Please consult the Hadoop website for general information on using Hadoop.
Running an Example
First, load the following modules:
carver% module load tig
carver% module load testbed hadoop
Then submit an interactive batch job.

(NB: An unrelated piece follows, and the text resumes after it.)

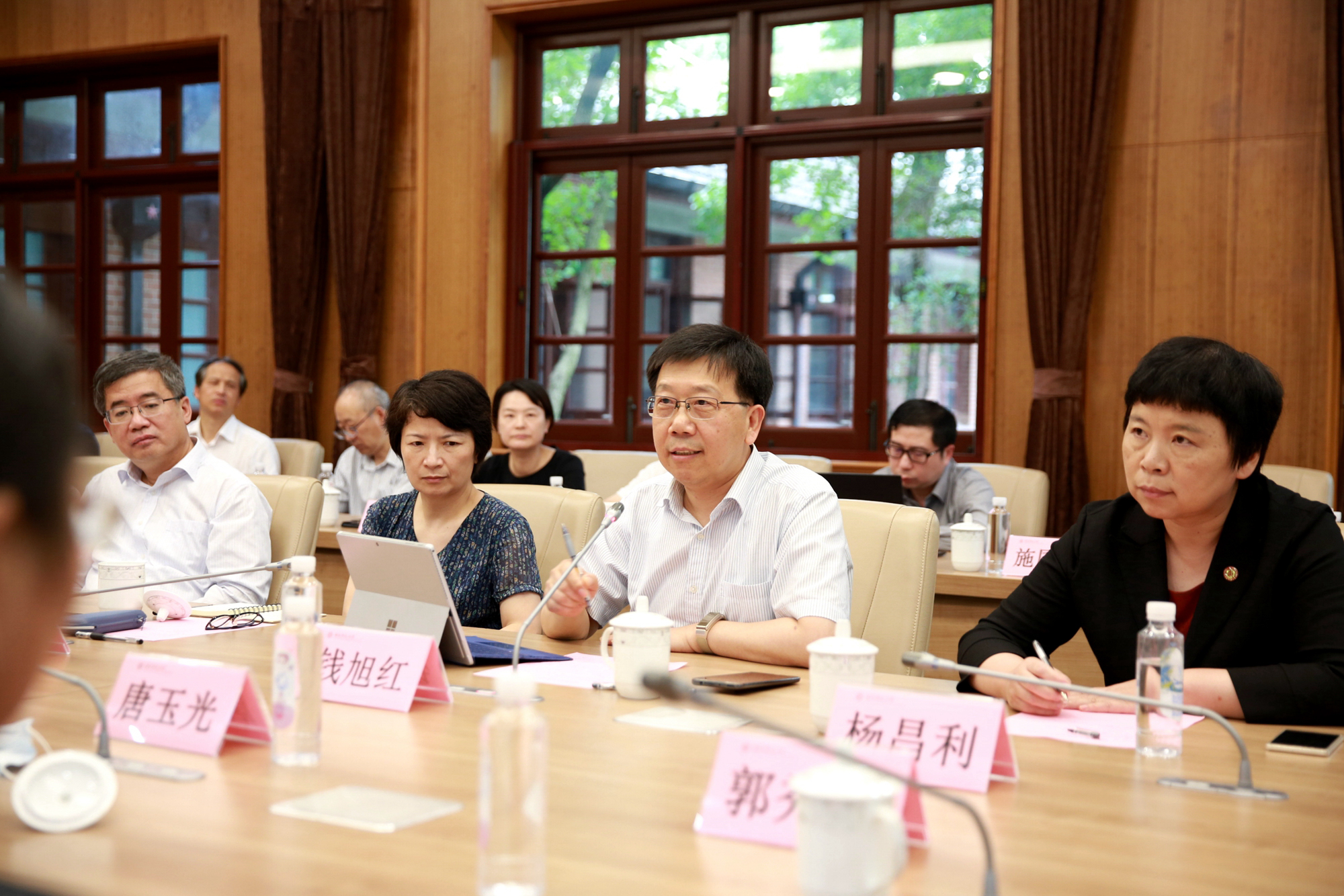 校领导朱民、杨昌利、曹友谊、孙真荣、戴立益,校党委常委顾红亮、程静,教学委员会代表,督导代表,部分学部院系和职能部门负责人约60人参加会议。会议由副校长戴立益主持。

For example:
carver% qsub -I -l nodes=4:ppn=8 -lwalltime=01:00:00 -V -qregular
Once your batch job starts:
c0217% start_hadoop
Once this command returns you can run Hadoop jobs.
Next, let’s run a quick mapreduce job. Here we run teragen to create sample data for a sort. This uses 32 tasks and creates about 10MB of data.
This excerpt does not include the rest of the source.